*** Opening of Records provided ***

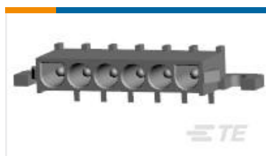
TE 产品编号640583-3 06P UMNL HDR ASSY R/A 94VO LF
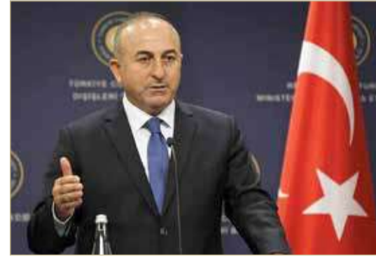
وزير الخارجية التركي مولود تشاوش أوغلو

أننا لم نضع شرطا مسبقا، لكن حين تتوقف العلاقات على مدى سنوات، فليس من السهل العمل كما لو أن شيئا لم يحصل". وكثفت أنقرة في الأسابيع الماضية تصريحات التهدئة حيال مصر. إلى جانب مصر، تسعى أنقرة إلى تهدئة التوتر مع دول مجاورة لها في شرق المتوسط مثل اليونان وإسرائيل، ودول الخليج خصوصا السعودية والإمارات.
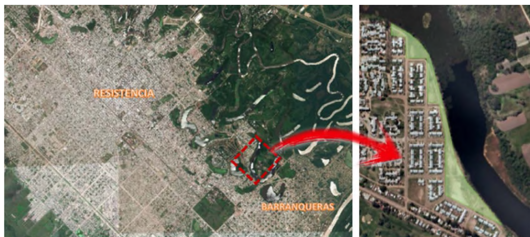
Figura 1. Plano de ubicación del sector por intervenir.

Actualmente se está finalizando la etapa de diseño del parque.
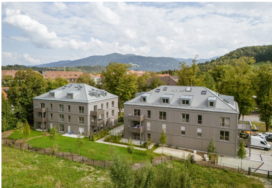
Ansicht Vogelperspektive von Südwest Sebastian Schels, München
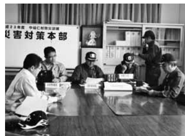
無線による現地対策本部との通信

*** Close of Records provided ***

Exercise prompt
In the data above, retype exactly and only the lines between the one holding "وزير الخارجية التركي مولود تشاوش أوغلو" and the one holding "أننا لم نضع", inclusive.

Result for this exercise
وزير الخارجية التركي مولود تشاوش أوغلو

أننا لم نضع شرطا مسبقا، لكن حين تتوقف العلاقات على مدى سنوات، فليس من السهل العمل كما لو أن شيئا لم يحصل". وكثفت أنقرة في الأسابيع الماضية تصريحات التهدئة حيال مصر. إلى جانب مصر، تسعى أنقرة إلى تهدئة التوتر مع دول مجاورة لها في شرق المتوسط مثل اليونان وإسرائيل، ودول الخليج خصوصا السعودية والإمارات.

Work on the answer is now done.